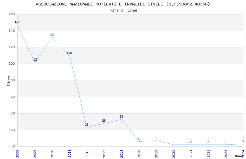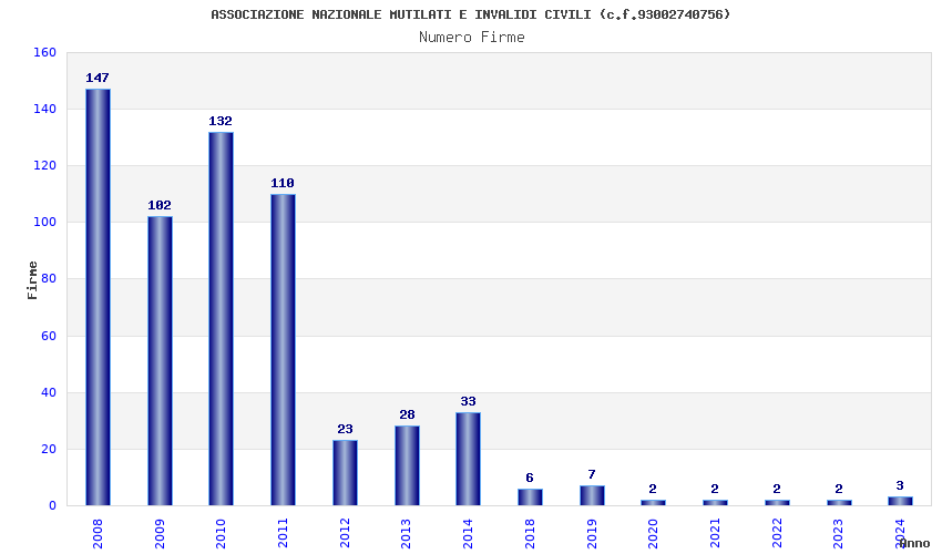 | Anno | Firme | Importi | Media | Naz. | Reg. | Prov. | Comu. |
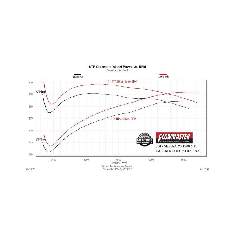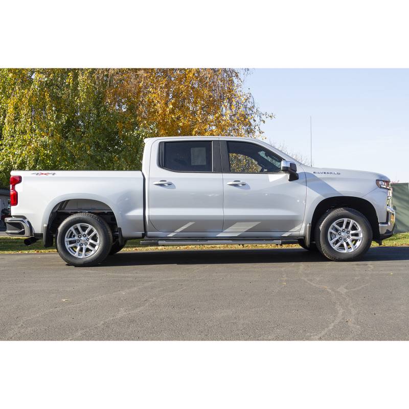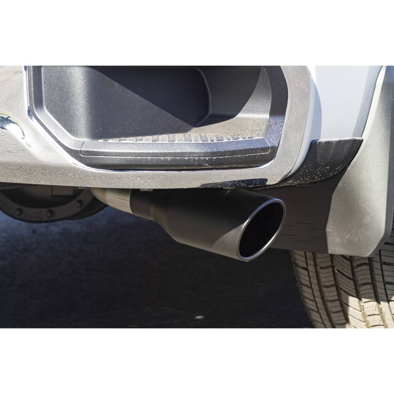 This Flowmaster® Flow FX® cat-back exhaust system for the 2019-2026 Chevrolet Silverado/GMC Sierra 1500 Crew Cab and Double Cab models with the 5.3-liter engine is manufactured using durable 409 stainless steel throughout and features a 3.00-inch inlet pipe leading to a single inlet/dual outlet Flow FX "straight-through" muffler for great sound and maximum performance. The dual 2.50-inch mandrel bent tailpipes exit out the side at an angle behind the rear wheels directing exhaust away from your boat or travel trailer when towing. Maximum dyno gains of 18 hp and 21 lb.ft at the rear wheels. The system is finished off with a pair of large 4.50-inch diameter black ceramic coated 304S stainless steel tips, giving your truck a custom look that goes hand in hand with that deep performance Flow FX sound. The system uses all the existing factory hanger locations and includes an additional hanger to install the new left side tailpipe. Includes installation instructions and all necessary hardware for an easy installation that you can do at home. Note: Fits 2wd and 4wd models.
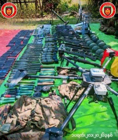 (ကန့်ဘလူခရိုင်က စစ်တပ်စခန်း ၄ခုနဲ့ စစ်ကြောင်း တိုက်ခိုက်သိမ်းပိုက်အပြီး သိမ်းရသော လက်နက်ခဲယမ်းတွေ။ ဓာတ်ပုံ – အမှတ် (၁) စစ်ဒေသ)
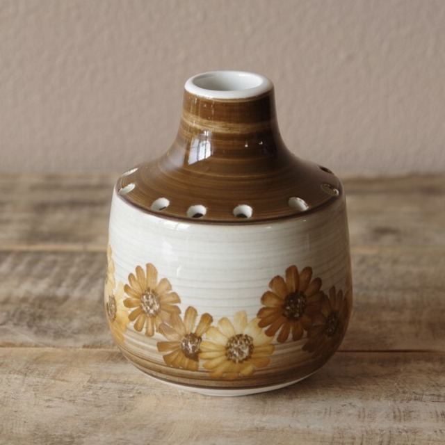 イギリスの陶器メーカー Jersey Potteryの小さな花瓶です。 平たい徳利のような壺型の丸い花瓶で、上部中央に口があり、その周りにいくつも小さな穴が開いています。 ブラウンのグラデーションで、花の絵柄が入っています。 花瓶として大きな花を活けられるような重量感はありませんが、レトロでかわいらしいデザインです。 デフューザーなどとして使われてもよいかと思います。 1950~70年代ごろのものと思われます。 状態に関して、特に目立つチップやヒビはありません。 若干のスレや擦り傷などはあるかと思いますが、全体として傷は少なく、つやがあり、ヴィンテージ品としてはとてもきれいな状態です。 製品本来の品質として、絵の具汚れや小さな凹凸、気泡痕や若干の色むらなどがある場合があります。 詳細は写真にてご確認ください。 --- ■サイズ:高さ約 7cm 直径約 10cm ※ 写真に写りこんだデコレーション等はお届け内容に含まれません。
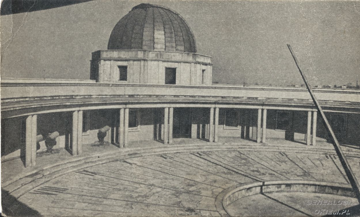 Planetarium i Obserwatorium Astronomiczne im. M.Kopernika. Dziedziniec z zegarem słonecznym, w głębi kopuła obserwatorium astronomicznego
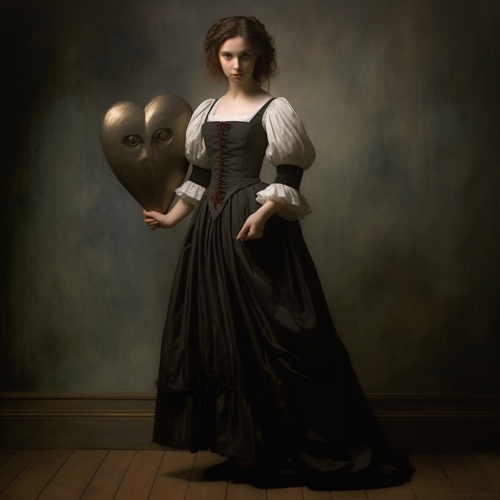 30 year old woman, full body view, holding organ heart, bouguereau style, antique oil style, angry
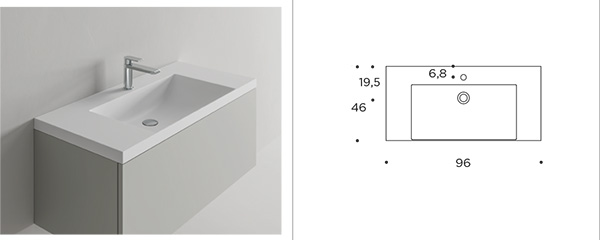 OLLY 96 Console washbasin in mineralguss / tekno H 4.5. Use with drain 5698/99/96. Application for washbasin units W. 95 x D. 45 cm Total dimensions: W. 96 x D. 46 x H. 4.5 cm Inner basin size: W. 69 x D. 34 x H. 13.5 cm WEIGHT: 17.2 kg
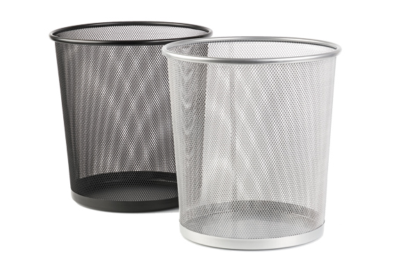 Šiukšlių dėžė, skirta smulkioms šiukšlėms, pagaminta iš metalinio tinklelio. Apvali forma.
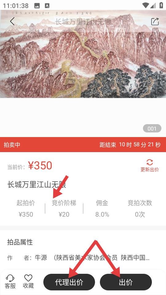 3、進(jìn)入拍品詳情頁(yè)查看長(zhǎng)城萬(wàn)里江山無(wú)限的起拍價(jià)、競(jìng)價(jià)階梯與作者信息,掌握傭金比例和競(jìng)拍次數(shù),點(diǎn)擊代理出價(jià)或出價(jià)競(jìng)拍,實(shí)時(shí)跟進(jìn)拍賣(mài)進(jìn)度。
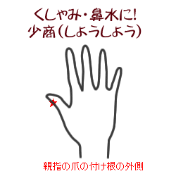 くしゃみ・鼻水に:少商(しょうしょう)のツボ 花粉症にも効くツボシリーズをご紹介します。
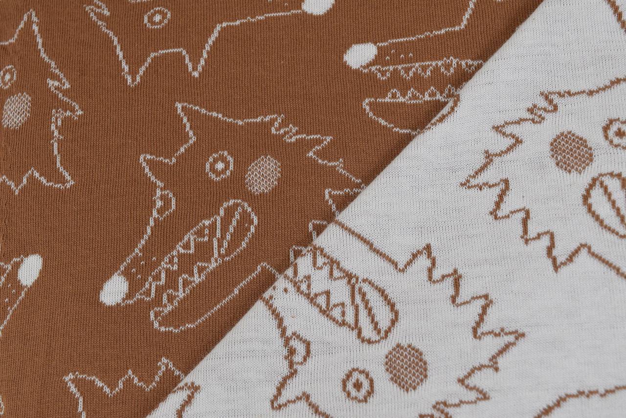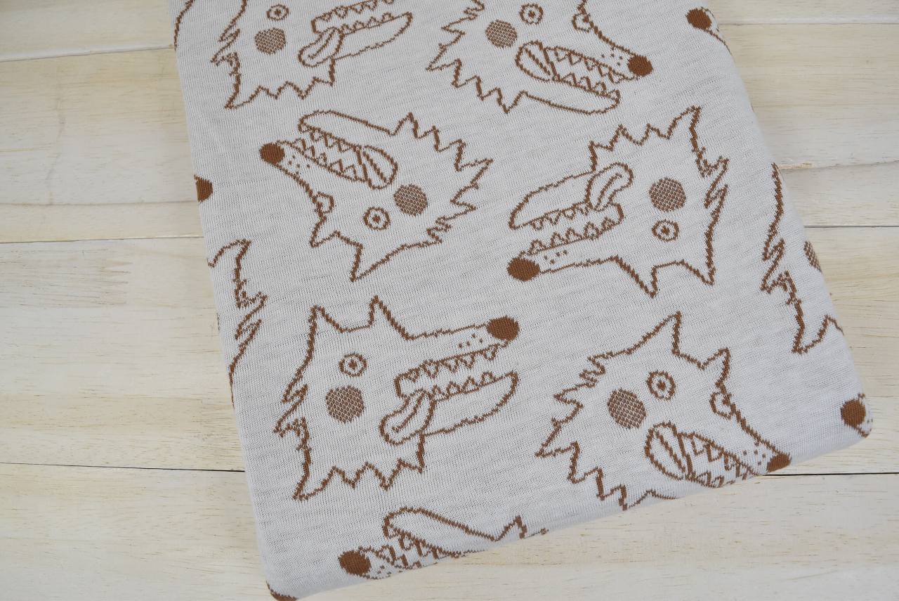 リバーシブルジャガードニット生地 おおかみ柄               色:メイプル/アイボリー
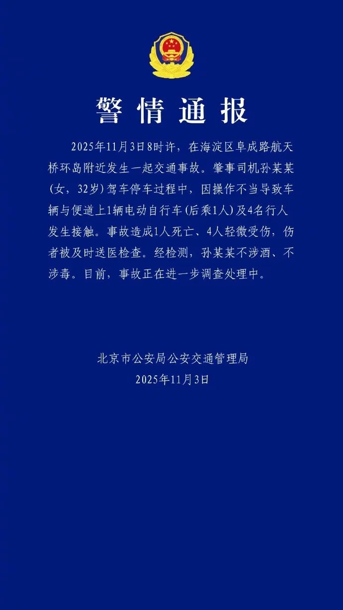 中國網(wǎng)11月3日訊 11月3日,北京交警發(fā)布通報,當(dāng)日8時許,在海淀區(qū)阜成路航天橋環(huán)島附近發(fā)生一起交通事故。肇事司機(jī)孫某某(女,32歲)駕車停車過程中,因操作不當(dāng)導(dǎo)致車輛與便道上1輛電動自行車(后乘1人)及4名行人發(fā)生接觸。事故造成1人死亡、4人輕微受傷,傷者被及時送醫(yī)檢查。經(jīng)檢測,孫某某不涉酒、不涉毒。目前,事故正在進(jìn)一步調(diào)查處理中。
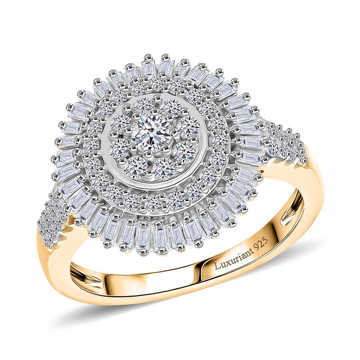 Luxuriant Lab Grown Diamond G-H SI 1.00 ctw Sunburst Halo Ring in 18K Vermeil Yellow Gold Over Sterling Silver (Size 9.0)
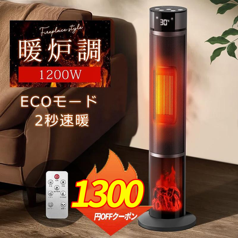 リモコン付き 2秒速暖 1200W タワー型 寒さ対策 温度調節 15畳部屋対応 3段階切替
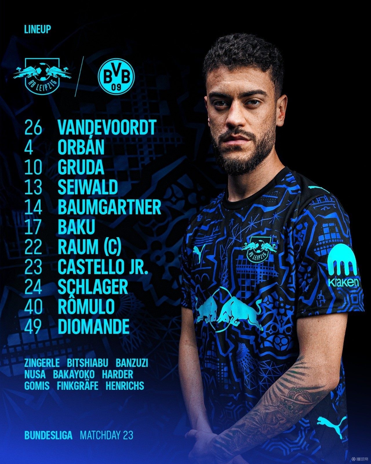 北京时间2月22日1:30,德甲第23轮,多特客战莱比锡。赛前首发公布。
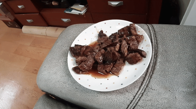 식단은 버터에 구운 고기입니다. 미세하지만 고기 양이 조금씩 줄어드는 것이 보이시나요? 저는 몸이 필요한 만큼 고기를 먹고 있습니다. "진짜 배부르다."라고 생각하면 음식을 그만 먹습니다. 몸의 신호는 정확해서 필요한 영양분 공급이 끝나면 숟가락을 내려놓습니다. 그리고 식단을 오래 하면 할수록 더 건강해져서 먹어야 할 음식의 양이 줄어듭니다. 신기하죠?
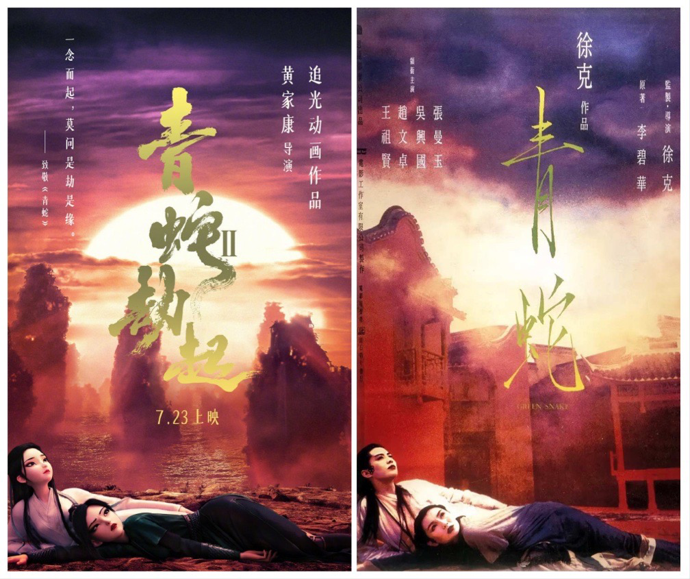 在水汽氤氲的山峦河畔,青白二蛇匍匐于地,相依相偎仰望天空。这一版《白蛇2:青蛇劫起》的海报,正是向28年前徐克版《青蛇》的致敬。

= What to produce =
The stretch above running from the line with "Planetarium i Obserwatorium" through the line with "3、進(jìn)入拍品詳情頁" is all you should copy, exactly, leaving out the pictures.

= Final answer =
 Planetarium i Obserwatorium Astronomiczne im. M.Kopernika. Dziedziniec z zegarem słonecznym, w głębi kopuła obserwatorium astronomicznego
 30 year old woman, full body view, holding organ heart, bouguereau style, antique oil style, angry
 OLLY 96 Console washbasin in mineralguss / tekno H 4.5. Use with drain 5698/99/96. Application for washbasin units W. 95 x D. 45 cm Total dimensions: W. 96 x D. 46 x H. 4.5 cm Inner basin size: W. 69 x D. 34 x H. 13.5 cm WEIGHT: 17.2 kg
 Šiukšlių dėžė, skirta smulkioms šiukšlėms, pagaminta iš metalinio tinklelio. Apvali forma.
 3、進(jìn)入拍品詳情頁(yè)查看長(zhǎng)城萬(wàn)里江山無(wú)限的起拍價(jià)、競(jìng)價(jià)階梯與作者信息,掌握傭金比例和競(jìng)拍次數(shù),點(diǎn)擊代理出價(jià)或出價(jià)競(jìng)拍,實(shí)時(shí)跟進(jìn)拍賣(mài)進(jìn)度。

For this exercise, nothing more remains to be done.